CBCT data from 100 malocclusion patients in their twenties (Class I: 40, Class II: 34, Class III: 26) who visited the dental hospital at Dankook University were provided by the orthodontics department. The sample size was calculated using the G-power 3.1 program (HHU, Dusseldorf, Germany). After selecting F tests in the test family and selecting ANOVA: Fixed effects, omnibus, one-way in the statistical test, Effect size f: 0.25, α err prob: 0.05, Number of groups: 3 were set.

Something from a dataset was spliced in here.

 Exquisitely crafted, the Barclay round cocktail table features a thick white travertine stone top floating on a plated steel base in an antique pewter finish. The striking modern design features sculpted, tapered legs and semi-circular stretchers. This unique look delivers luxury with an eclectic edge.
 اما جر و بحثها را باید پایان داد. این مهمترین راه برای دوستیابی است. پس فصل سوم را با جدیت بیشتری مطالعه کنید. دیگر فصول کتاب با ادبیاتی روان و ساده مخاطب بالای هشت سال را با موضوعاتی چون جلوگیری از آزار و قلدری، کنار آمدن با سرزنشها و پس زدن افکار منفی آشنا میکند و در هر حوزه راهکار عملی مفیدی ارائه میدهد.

Total sample size was calculated to be 90.

4.Statistical methods

The measurement items were analyzed using the SPSS program (version 23.0; IBM Corporation, Armonk, NY, USA). A chi-squared test was conducted to determine the proportions of NI classifications by sex. All statistical analyses were performed with a 95% confidence interval and a significance level set at 0.05.

Results

1.Nasal index proportions of study subjects

Assessment indicated 10 subjects with a leptorrhine NI, 76 with a mesorrhine NI, and 14 with a platyrrhine NI (Table 2).

NI Classification

Nasal type Range of NI (%) Number
Leptorrhine (long and narrow) 55.0∼69.9 10
Mesorrhine (moderate shape) 70.0∼84.9 76
Platyrrhine (broad and short) 85.0∼99.9 14

NI: nasal index.



2.Nasal index proportions in malocclusion patients

Evaluation of the NI proportions in malocclusion patients showed that in Class I, there were 5 leptorrhine, 30 mesorrhine, and 5 platyrrhine cases. In Class II, there were 3 leptorrhine, 25 mesorrhine, and 6 platyrrhine cases. In Class III, there were 2 leptorrhine, 21 mesorrhine, and 3 platyrrhine cases. Thus, mesorrhine was the most common type in Class I, Class II, and Class III (Table 3).

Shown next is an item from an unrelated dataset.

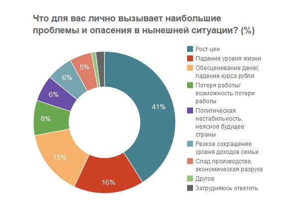 Рост цен и снижение уровня жизни привели к тому, что все большее количество россиян осознает глубину экономических проблем России, показывает опрос «Левада-центра». Если в январе 2014 года на вопрос, «что, по-вашему мнению, сейчас более всего угрожает России», о кризисе говорило менее трети опрошенных, то в январе 2015-го – уже каждый второй

Nasal Index Analysis According to Sex

Subject Nasal type Entire p-value
Leptorrhine Mesorrhine Platyrrhine
Malocclusion Class I Number 5 30 5 40 0.915
During malocclusion (%) 12.5 75.0 12.5
Class II Number 3 25 6 34
During malocclusion (%) 8.8 73.5 17.6
Class III Number 2 21 3 26
During malocclusion (%) 7.7 80.8 11.5
Entire Number 10 76 14 100
During malocclusion (%) 10.0 76.0 14.0 100.0


3.Nasal index ratio according to sex in malocclusion patients

As a result of comparing the NI types according to sex of malocclusion patients, in Class I, men were classified into 3 Leptorrhines, 15 Mesorrhines, and 2 Platyrrhines, and women were classified into 2 Leptorrhines, 15 Mesorrhines, and 3 Platyrrhines. In Class II, men were classified as 2 Leptorrhines, 12 Mesorrhines, and 2 Platyrrhines, and women were classified as 1 Leptorrhines, 13 Mesorrhines, and 4 Platyrrhines. In Class III, men were classified as 0 Leptorrhine, 13 Mesorrhine, and 1 Platyrrhine, and women were classified as 2 Leptorrhine, 8 Mesorrhine, and 2 Platyrrhine. Accordingly, the Mesorrhine type was observed to be the most common in both men and women in Class I, II, and III. However, it was not found to be statistically significant (p>0.05) (Table 4).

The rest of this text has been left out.